A crash course in UML state machines: Part 1
To read Part 2, go to "UML extensions to the traditional FSM formalism"
To read Part 3, go to "Designing a UML state machine"
Traditional, sequential programs can be structured as a single flow of control, using standard constructs such as loops and nested function calls. Such programs represent most of the execution context in the location of the program counter, in the procedure call tree, and in the temporary variables allocated on the stack
Event-driven programs, in contrast, require a series of fine-granularity event-handler functions for handling events. These event-handler functions must execute quickly and always return to the main event-loop, so no context can be preserved in the call tree and the program counter. In addition, all stack variables disappear across calls to the separate event-handlers. Thus, event-driven programs rely heavily on static variables to preserve the execution context from one event-handler invocation to the next.
Consequently, one of the biggest challenges of event-driven programming lies in managing the execution context represented as data. The main problem here is that the context data must somehow feed back into the control flow of the event-handler code so that each event handler can execute only the actions appropriate in the current context. Traditionally, this dependence on the context very often leads to deeply nested if-else constructs that direct the flow of control based on the context data.
If you could eliminate even a fraction of these conditional branches (a.k.a. "spaghetti" code), the software would be much easier to understand, test, and maintain, and the sheer number of convoluted execution paths through the code would drop radically, typically by orders of magnitude. Techniques based on state machines are capable of achieving exactly this--a dramatic reduction of the different paths through the code and simplification of the conditions tested at each branching point.

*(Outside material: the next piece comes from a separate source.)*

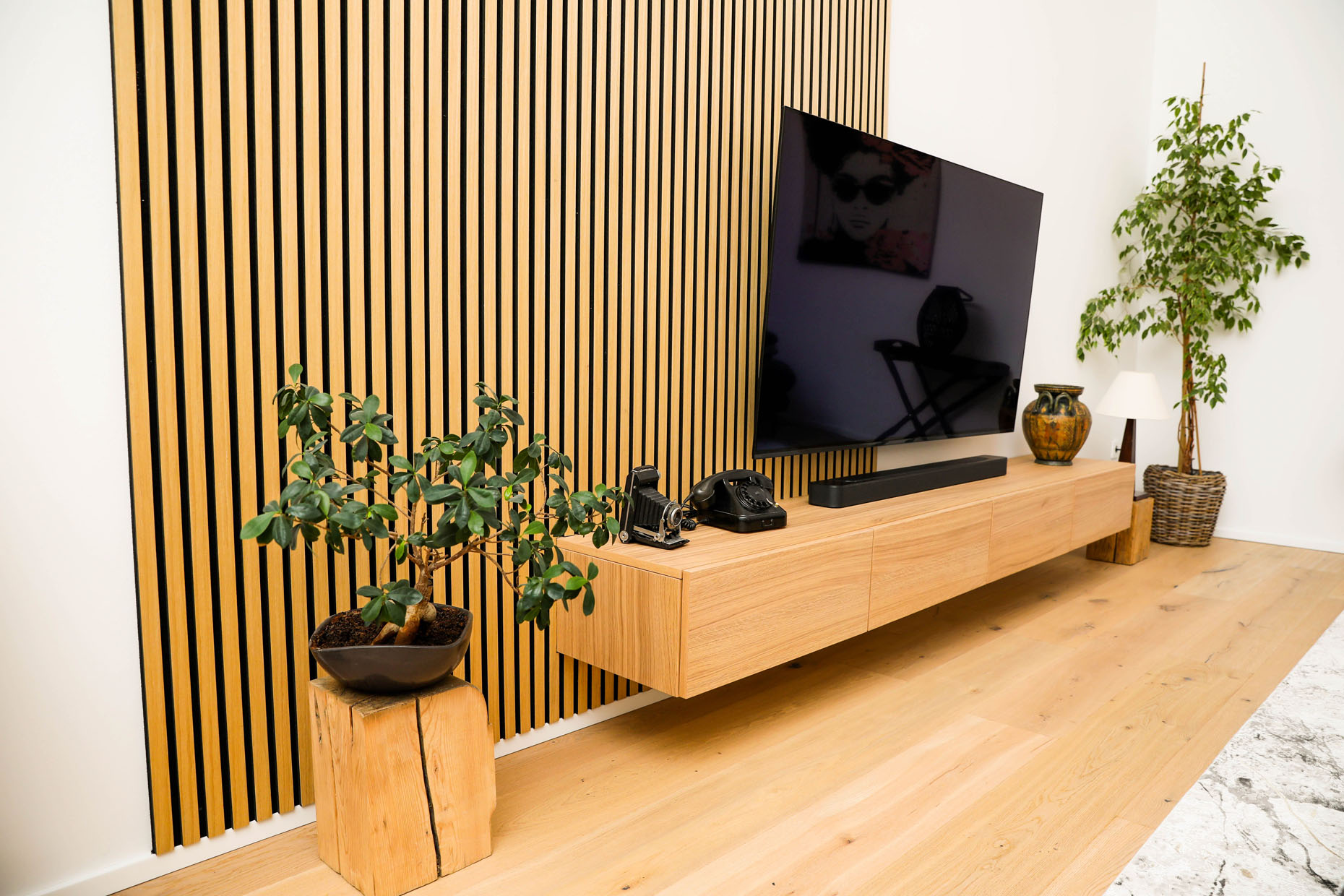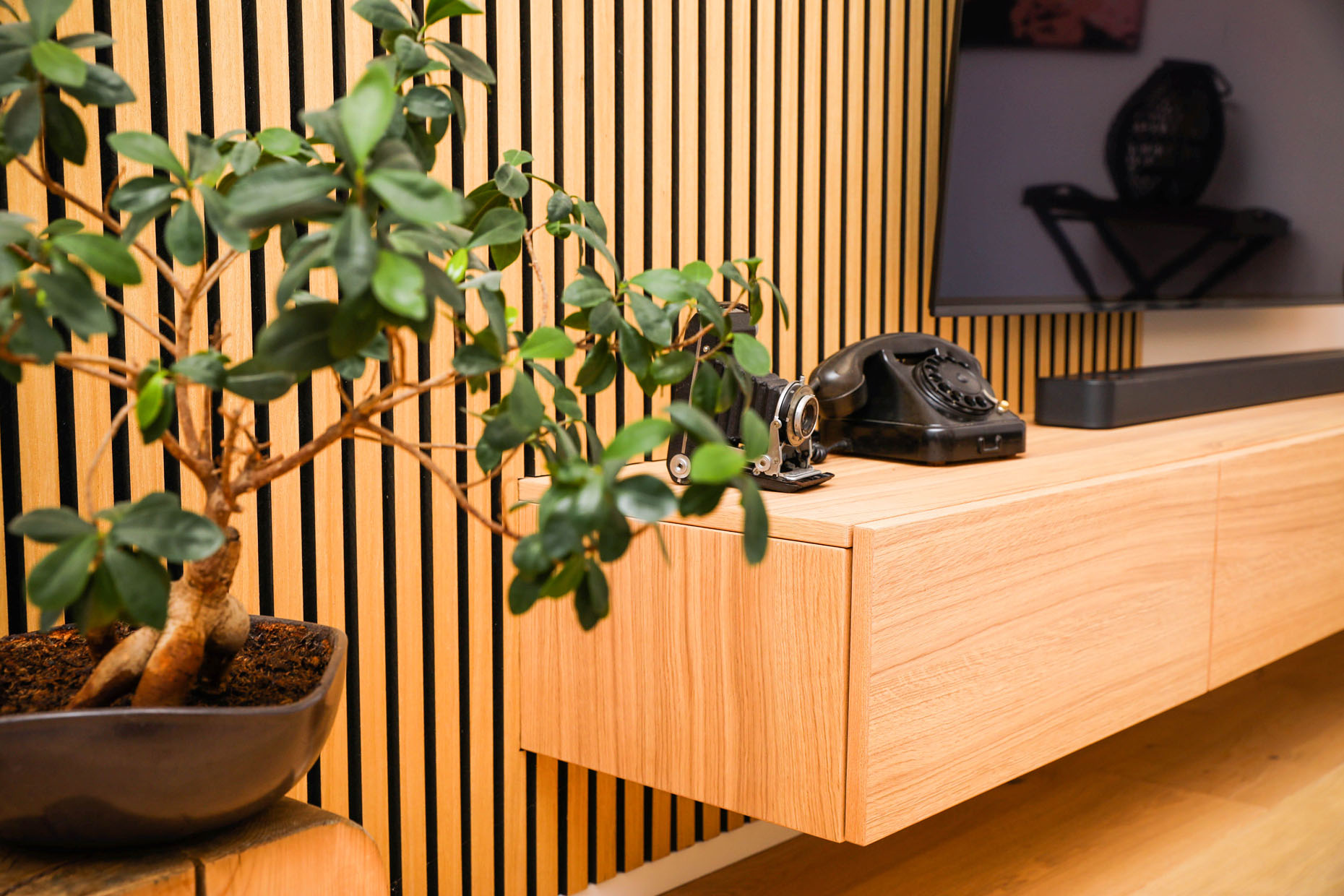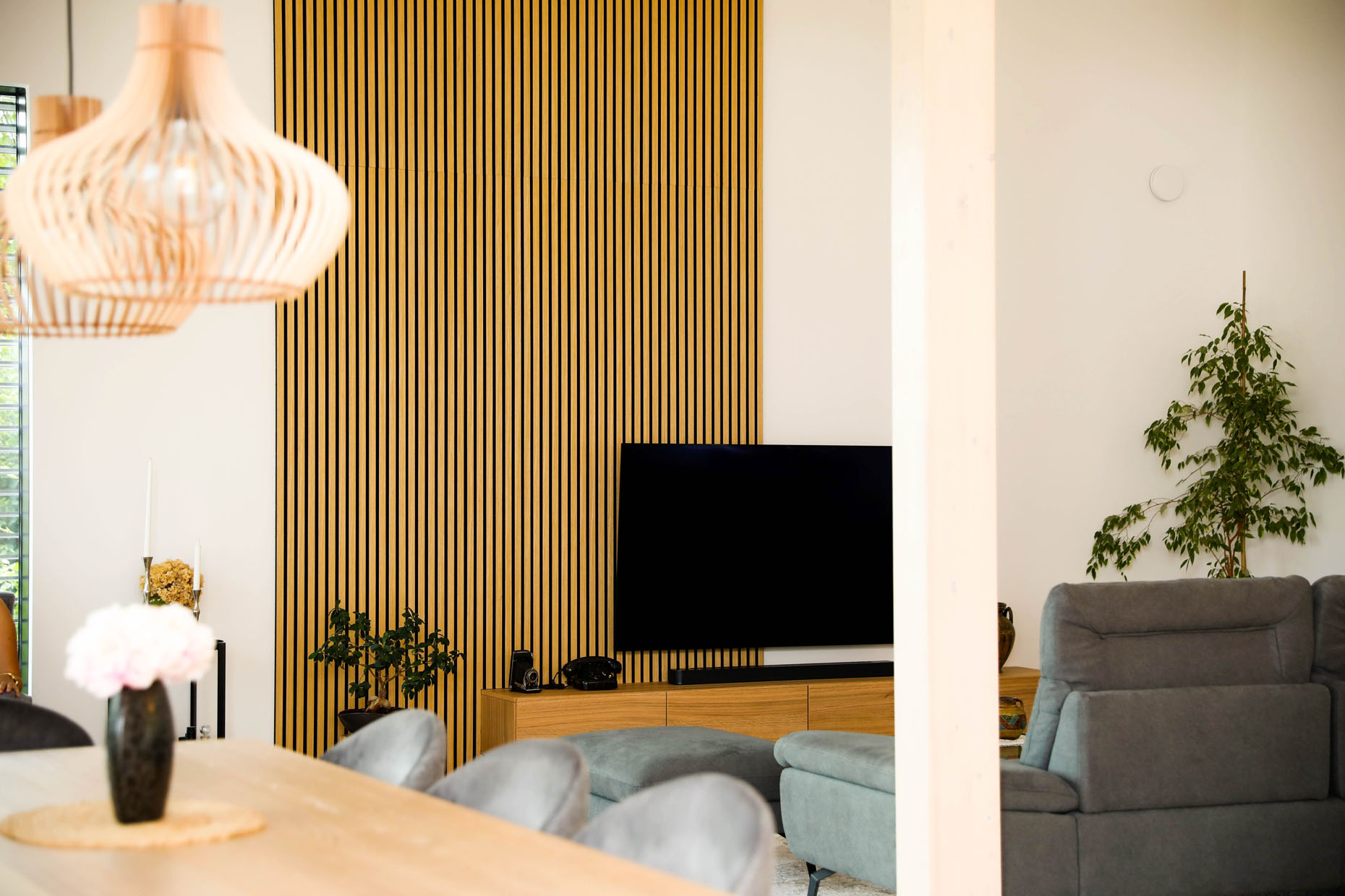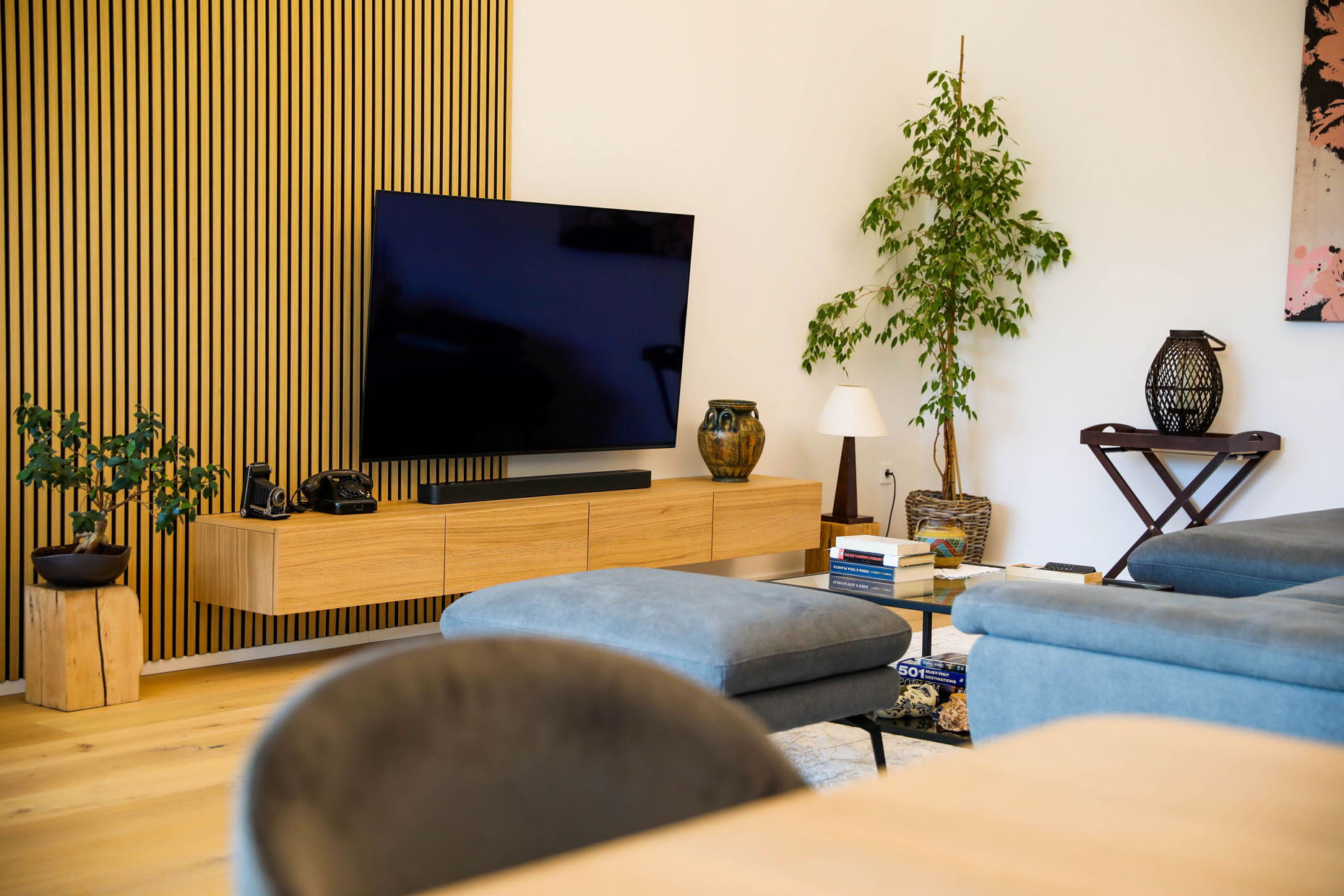 Lauden dnevna soba je zasnovana v brezčasnem minimalizmu, kjer naravni furnir poskrbi za toplino in domačnost. Največjo pozornost pritegnejo akustični paneli, ki segajo vse do štirih metrov višine in ustvarijo dih jemajoč vtis — nekaj, kar preprosto moraš doživeti v živo.

In this article series, I briefly introduce UML state machines that represent the current state of the art in the long evolution of these techniques. My intention is not to give a complete, formal discussion of UML state machines, which the official OMG specification covers comprehensively and with formality.1 Rather, my goal in this article series is to lay a foundation by establishing basic terminology, introducing basic notation, clarifying semantics, and giving some code examples. This series is restricted to only a subset of those state machine features that are arguably most fundamental. The emphasis is on the role of UML state machines in practical, everyday programming rather than mathematical abstractions.